I came home from work and noted my Tivo was in a continuous loop. It would get to the green screen (one indicating a problem was found and it might take 3 hours to fix so turn off your plasma etc) but only stay there for a couple minutes then reboot and start the same process over again. I can't do any of the kickstart commands because these Toshiba units don't accept them for some reason. The hard drive spins up and sounds fine but something is obviously wrong. 
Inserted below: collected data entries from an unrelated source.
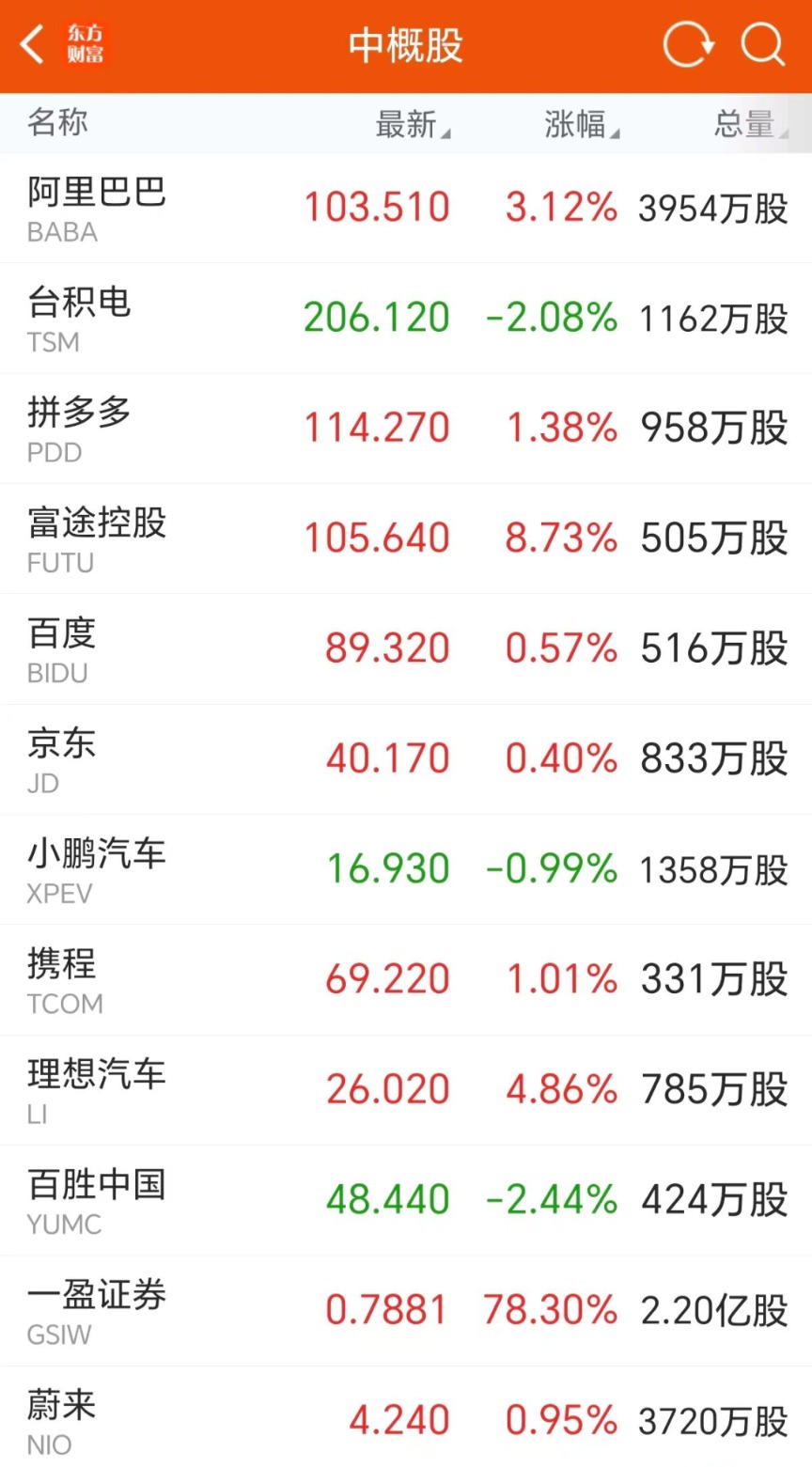 中概股涨多跌少,纳斯达克中国金龙指数涨1.34%。富途控股涨超8%,老虎证券涨超6%,理想汽车涨超4%,阿里巴巴涨超3%,爱奇艺、哔哩哔哩涨超2%,拼多多涨超1%。
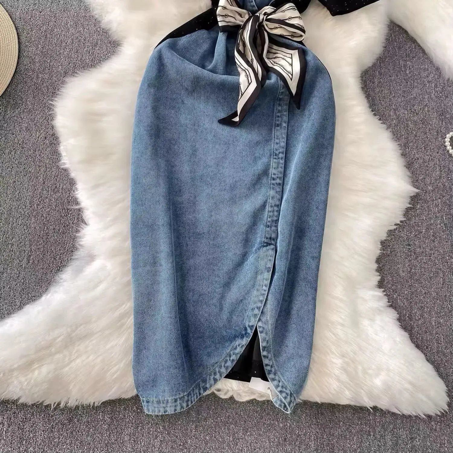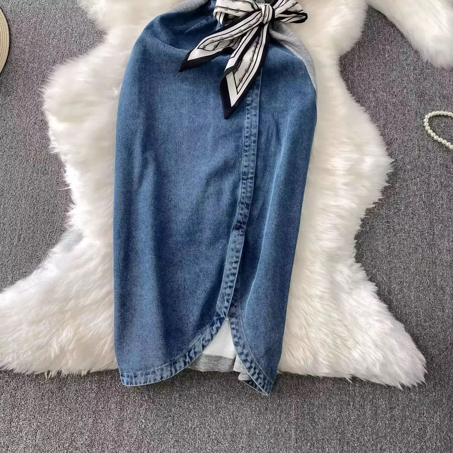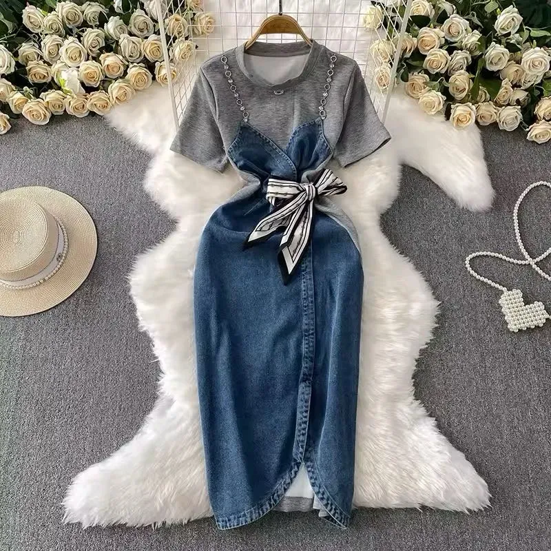 Vestido de Mezclilla con Pañuelo en la Cintura
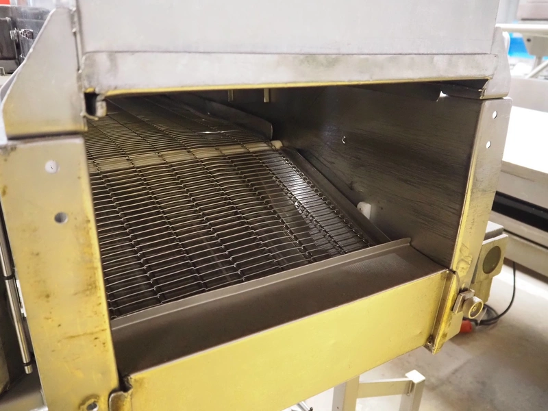 S/s mobile breading machine, s/s mesh belt, belt width: 400 mm, clearance: 420 mm x 50 mm, total dimensions: 2200 mm x 1100 mm x 1700 mm.
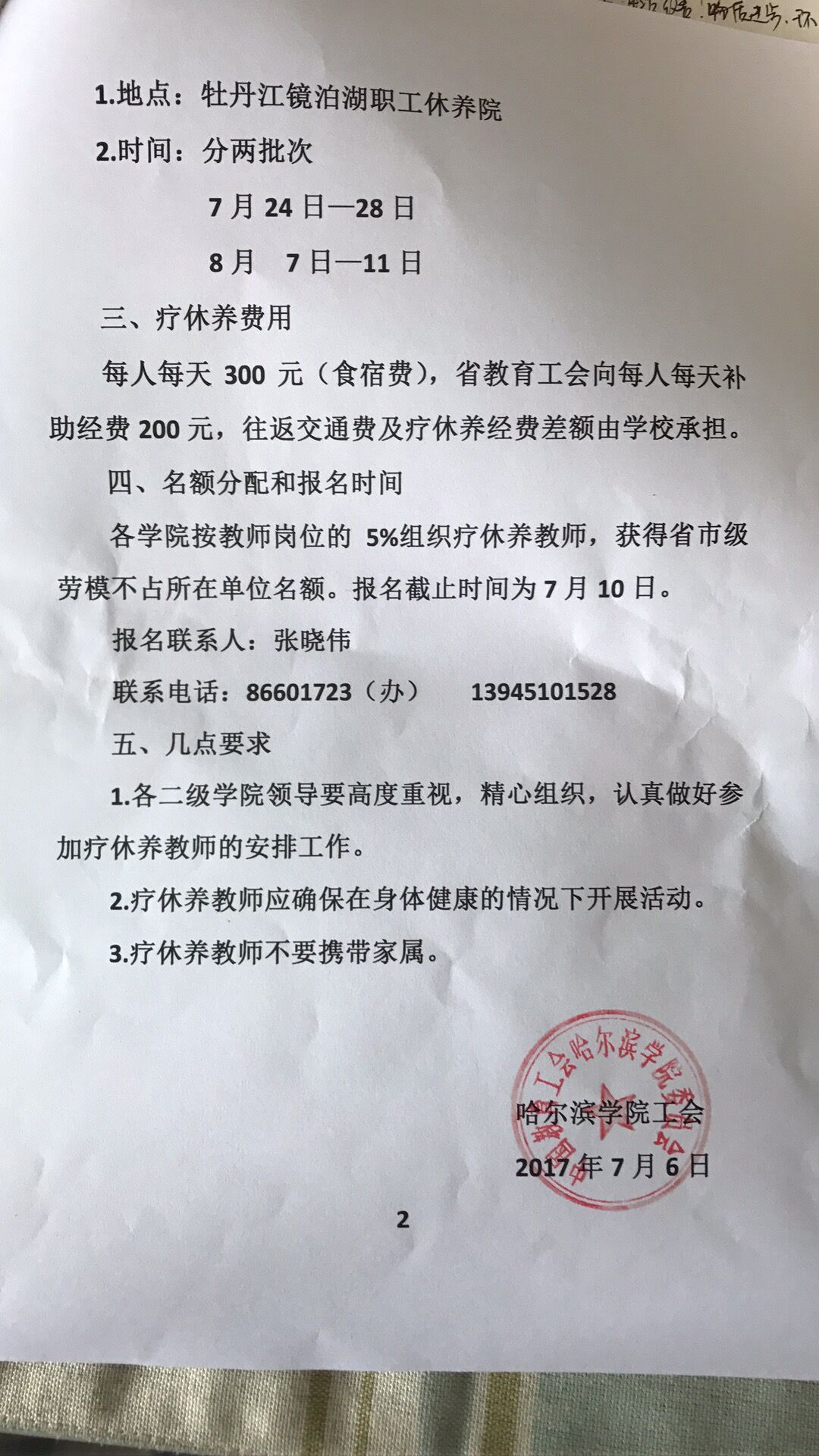 马克思主义学院基层工会响应校工会关于组织2017暑期教职工疗休养活动的要求和部署,拟派出陈春红、李雪娟等两名教师参加此次活动。

I took the drive out of the Tivo unit and hooked it up to my computer and ran WinMFS. Everything looks good so far as it reports that it is a Series 2 or 3 drive and that it is a Maxtor and is 251 GB. I select the drive and then go to tools and select "Mfsinfo" and it indicates it is "Not a Tivo drive!". When my first hard drive failed I could select this and it would tell me the info about the drive but doesn't work with this drive. I have tried both option 1 and option 2 for Fix bootpage as well as trying fix swap and nothing has worked to solve the problem of it giving me the "Not a Tivo drive!" message. I've tried it back in my Tivo unit and the same results happen with the green screen then the reboot loop. 

Any suggestions? 

I'm not overly familiar with all this and was thinking about trying to mount the drive in Windows XP SP2 and try running check disk or Norton or something on it and then using the Fix bootpage option to change it back to a Tivo drive. No idea if this will work and it might be a stupid idea so asking here first. LOL 

Also, when everything happened 3 months ago I bought an Instant Cake image and still have that BUT I have many saved recordings on my drive that I'd like to salvage if at all possible. 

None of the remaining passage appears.